Tuesday, March 11, 2008

Setting a Good Example for Our Children: Getting Rid of School Cigarette Ads, Eliminating Candy Flavored Cigarettes, and Hooking Up With a Call Girl

Former attorney general and current governor of the state of New York - Eliot Spitzer - tried to set a good example for our children through his successful efforts to get cigarette ads out of school magazine editions and to convince R.J. Reynolds to eliminate its marketing of candy-flavored cigarettes.

Spitzer is the recipient of the 2005 Excellence in National Civic Leadership Award, presented by the National Human Services Assembly.

According to lawhawk over at "A Blog for All," Spitzer "conducted several prostitution ring busts while New York Attorney General and spoke of his revulsion to prostitution."

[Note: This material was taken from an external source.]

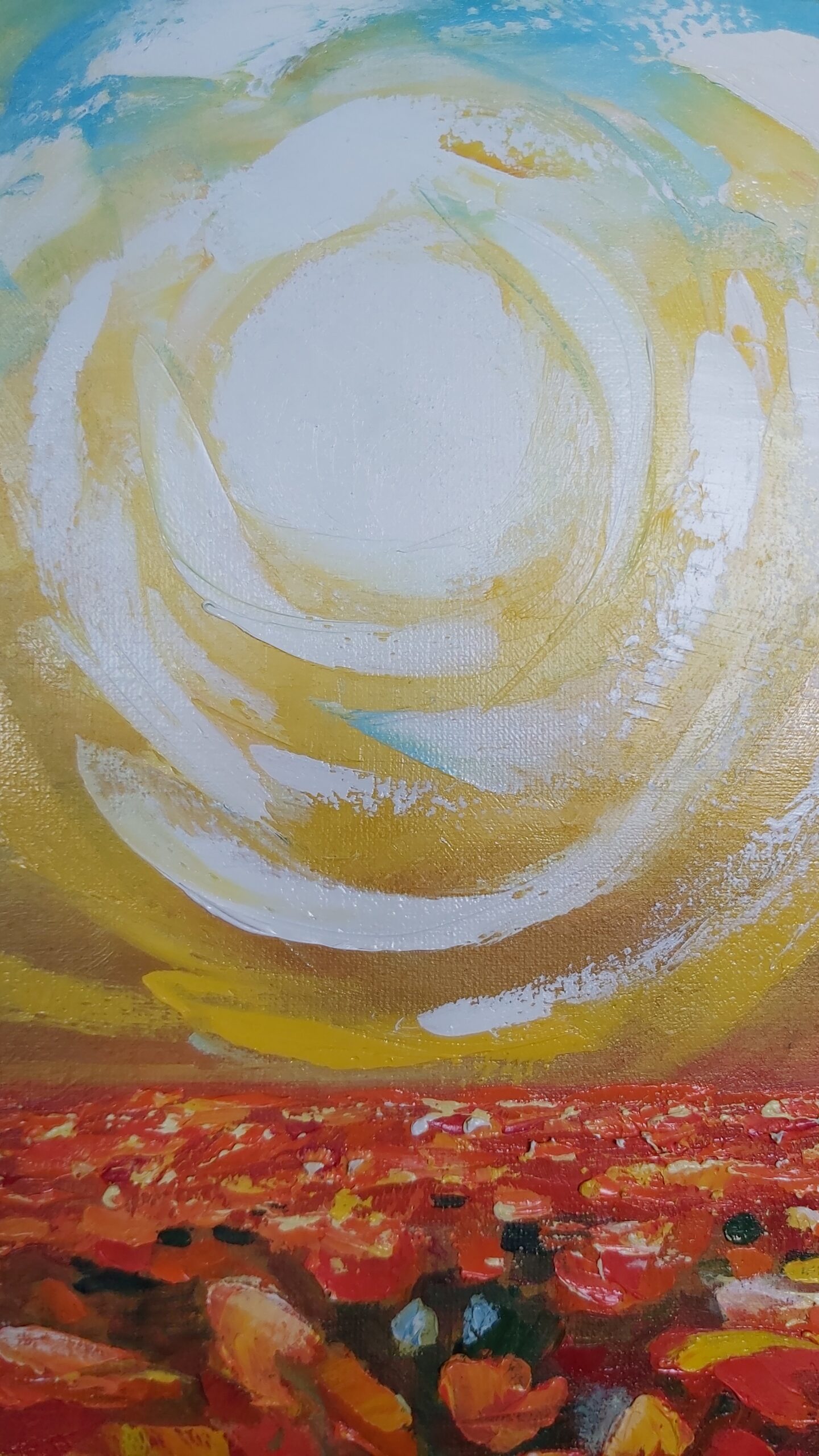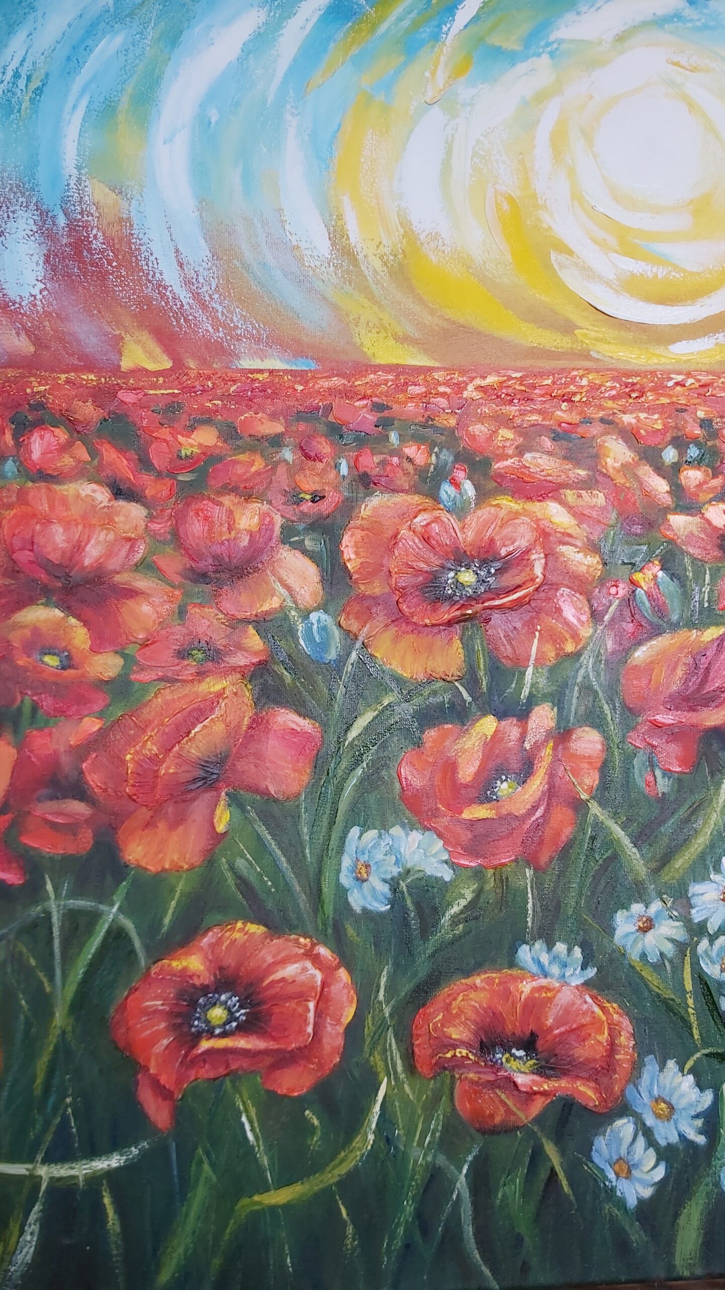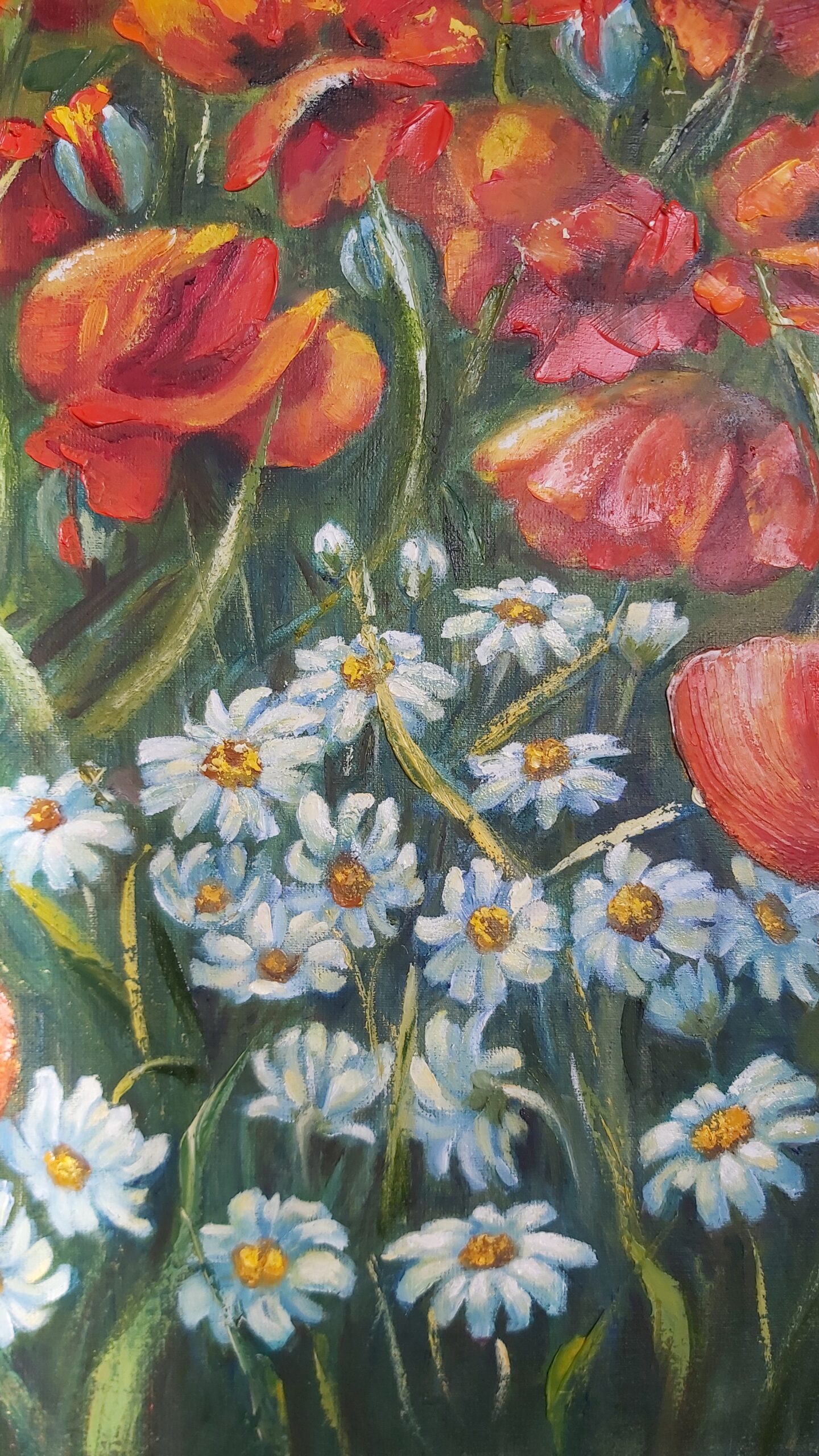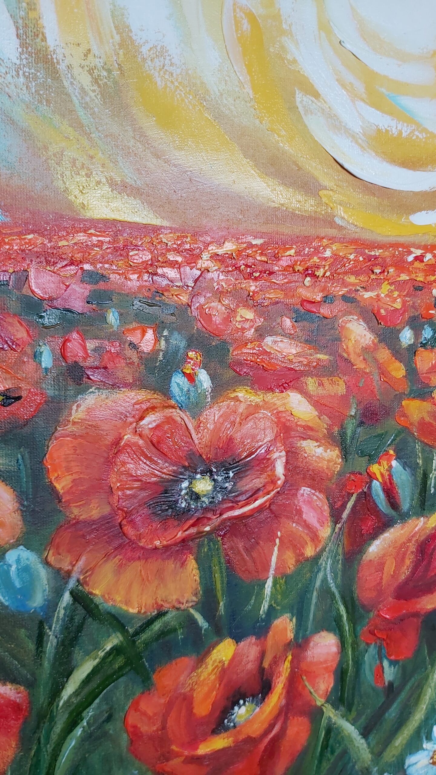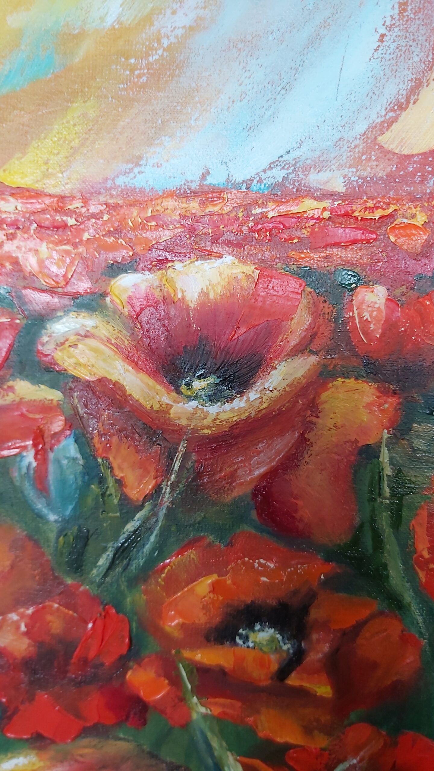 Oilpainting on canvas. Structure painting. Spring , sunny, poppies. Impressionism, modern, interior painting.
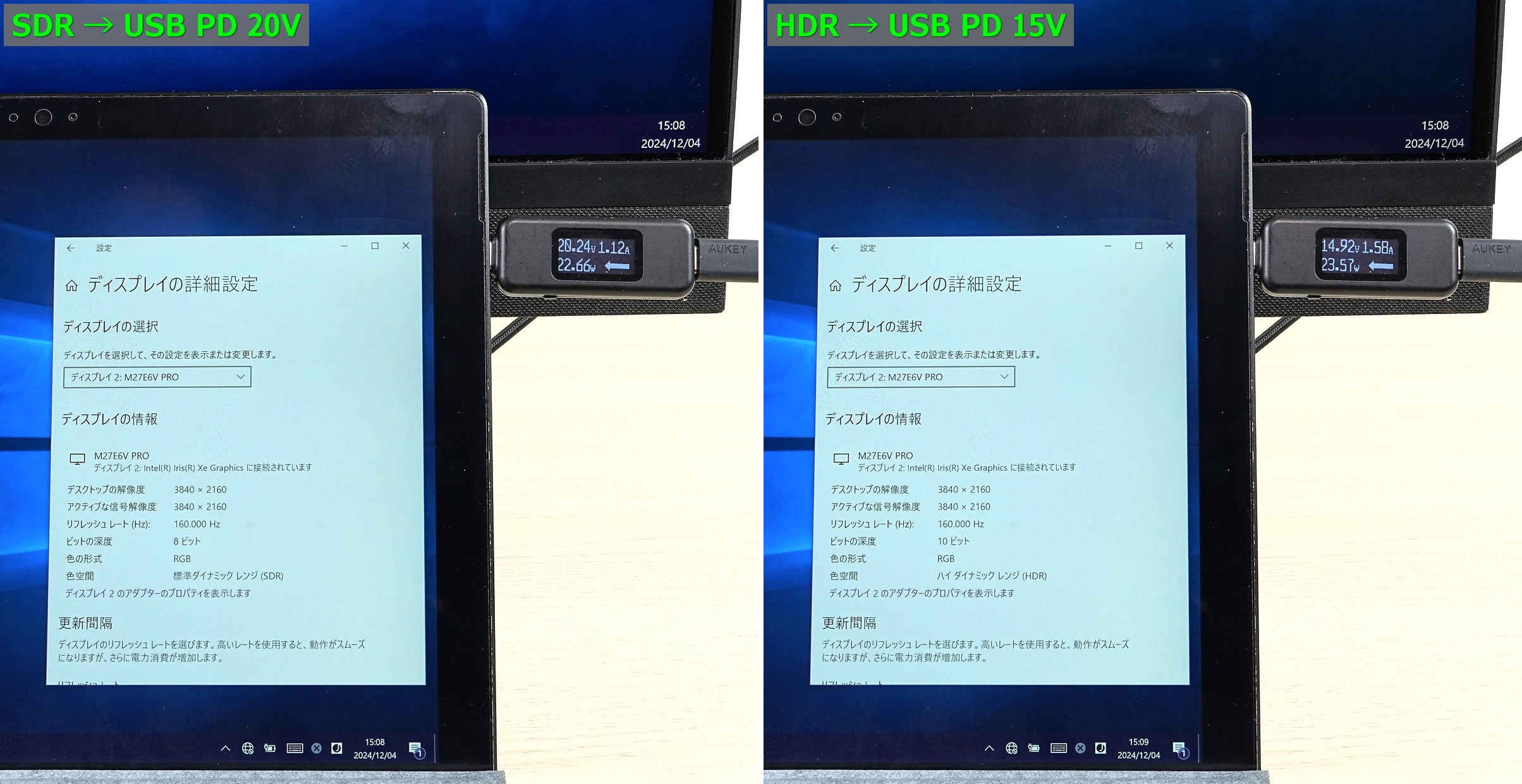 90Wなど大電力による充電に対応した機器を所有していないので、Surface Pro 7+での検証となりますが、USB Type-Cケーブルで4K/160Hzのビデオ出力を行いつつ、20V電圧で20~30Wの充電が行えることも確認できました。HDR表示の場合は20V給電はできず、15V給電になり、最大出力は45Wに制限されます。

And in his inaugural address, Governor Spitzer emphasized his commitment to ethics:

"And so it must be for us. Like all who have come before, we have arrived at this moment on this day because we have demanded a different and more vibrant future for our children. Because we know that New York is the state where the depth of our talent and the breadth of our skills and the reach of our culture have forever changed America and the entire world – and because we know we can do it once more. This election was not about electing one person as governor. Rather it was about what we the people collectively elected for the future of our state. We chose pragmatism and ethics over partisan politics and dysfunction, and we demanded an end to gridlock."

"So I pledge to toil each and every day so as not to disappoint the hard working people of this state who have placed their trust in this future -- a future which rekindles hope and restores growth." ...

"And so in order to return to policies of opportunity and prosperity, we must change the ethics of Albany and end the politics of cynicism and division in our state. If ever there was a time that called out for introspection by those in government, it is now. Lincoln spoke of listening to "the better angels of our nature." Indeed, those of us who work in the great building behind me must hear and heed the serious responsibility that public service demands and rise to this moment and show the public in words and in deeds that we understand that our responsibility is to the people of New York."

The Rest of the Story

Now, Spitzer has apparently added to his resume of ethics messages he is sending to our children through involvement in a high-end prostitution ring, according to multiple news sources. While Governor Spitzer has not directly admitted that the charges against him are true, he did yesterday publicly apologize for what he called acting "in a way that violates my obligation to my family and violates my or any sense of right or wrong."

According to the New York Times, federal investigators - using wiretap and other sources - have identified Spitzer as "Client 9," who met with a high-priced prostitute at a Washington hotel last month.

According to the federal affadavit, as reported by the New York Times, Client 9 was a return customer who had engaged the services of Kristen - a 5 foot 5, 105 pound young woman - in his Mayflower Hotel room in Washington on the night of February 13, the evening before Spitzer testified before Congress regarding the bond insurance crisis.

According to the New York Times article, Client 9 was described in the affadavit "as a 'difficult' man who sometimes asked the prostitutes 'to do things you might not think were safe.'"

While some may have previously thought that Governor Spitzer's picture should be posted as an example of a public defender of ethics and integrity, might I now suggest that his picture might fit better as an illustration under the dictionary definition of "hypocrisy."